Waiting For Culturally Relevant Education, Not Superman
by Steven Barboza
“I went to a class where the professor said if you didn’t appreciate Beethoven, Bach and Brahms, you were culturally deprived, to which I responded, if you didn’t appreciate James Brown, you were culturally deprived.” — Gloria Ladson-Billings
As a recent documentary film suggests, many parents and educators have been “Waiting for Superman” to fix our broken public education system. He simply isn’t coming. Imhotep, however, has landed in Philly.
A public charter high school that graduated its first class in 2000, Imhotep is hard to miss if you live in Philadelphia. It’s based in a $10 million educational complex. It produces championship athletic teams. The student population of 558 is overwhelmingly black. No Imhotep student is left behind — they all go onto college. And every day, there’s an Imhotep wardrobe riot going on as many teachers and students don colorful African clothing.
For all its success in using “culturally relevant teaching,” the school hasn’t emitted so much as a dull bleep on the radar screens of education cognoscenti seeking replicable school reforms, leaving one to question whether the school is just “too African” for America.
However, culturally relevant teaching as practiced there might be worth another look as a method capable of reaching the nation’s students. The nation, after all, is facing an education crisis of the first order: only 6 in 10 blacks and Hispanics graduate from high school.
Named for the legendary ancient Egyptian genius from the third dynasty who is credited with inventing papyrus, designing pyramids and founding medicine, Imhotep is the kind of school where the principles of Kwanzaa are called upon every day, where self-determination is an article of faith, and where students learn to “take responsibility for yourself, your brothers and your sisters.”
“When I started Imhotep, I did a graphic that put the student in the middle and made sure everything was designed to meet the needs of the child, not the teachers’ or the administration’s or the institution’s,” said CEO and founder Christine Wiggins, who is called Mama Wiggins. “And I continually try to do that.”
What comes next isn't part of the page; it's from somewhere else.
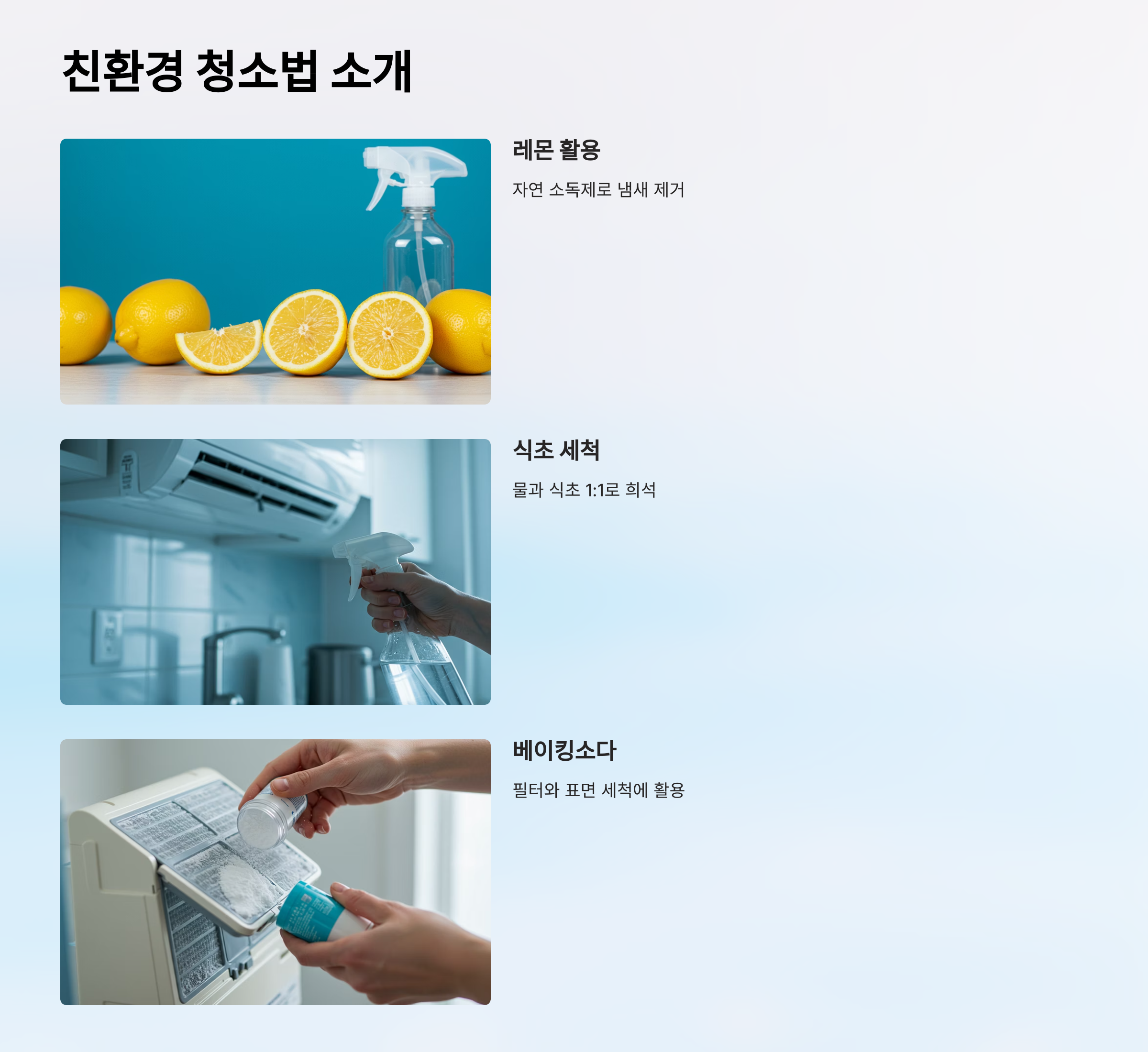 에어컨 청소는 환경에도 신경 쓰면 좋아요. 요즘은 친환경 세정제를 사용해서 화학 성분 걱정 없이 청소할 수 있답니다. 베이킹소다나 구연산은 대표적인 친환경 세정제예요. 😉

This meant designing a curriculum that “centers” Imhotep students by valuing Africa as the birthplace of humanity and learning. Mama Wiggins and her staff of 60 call the students “Nubians” and approach teaching as if academics originated in the motherland.
“Developmentally, children need to know they are descendants of great thinkers,” Wiggins said. “When you never show them anybody that looks like them and that hasn’t achieved anything, then they don’t believe that they can achieve anything.”
She added: “It’s not advantageous to put a child in the classroom and give him a textbook where the only pictures of people that look like him are people on their knees in chains and being whipped. We’re going to show them images of their great African fathers and mothers as leaders in math and science, so everything that I do is centered around that basic premise.”
Detractors see the African mash-up of academics as fraudulent, saying you don’t have to see yourself in a curriculum; you just have to learn, or you’ll suffer the consequences.
But the Imhotep formula appears to get results: for nine years straight, 100% of Imhotep students have gotten into college, Wiggins said, adding, “The average in the country is running about 30%.” Her students win entrance to between 5 and 20 colleges, giving them a wide choice of colleges to attend.
Incoming Imhotep students are not filtered. “The children who come to us are the ones who have not been ‘saved’ in traditional schools,” she said. “I do a dance if I get a child in grade nine who is reading on a sixth grade level. Usually they are reading on a fourth and fifth grade level.”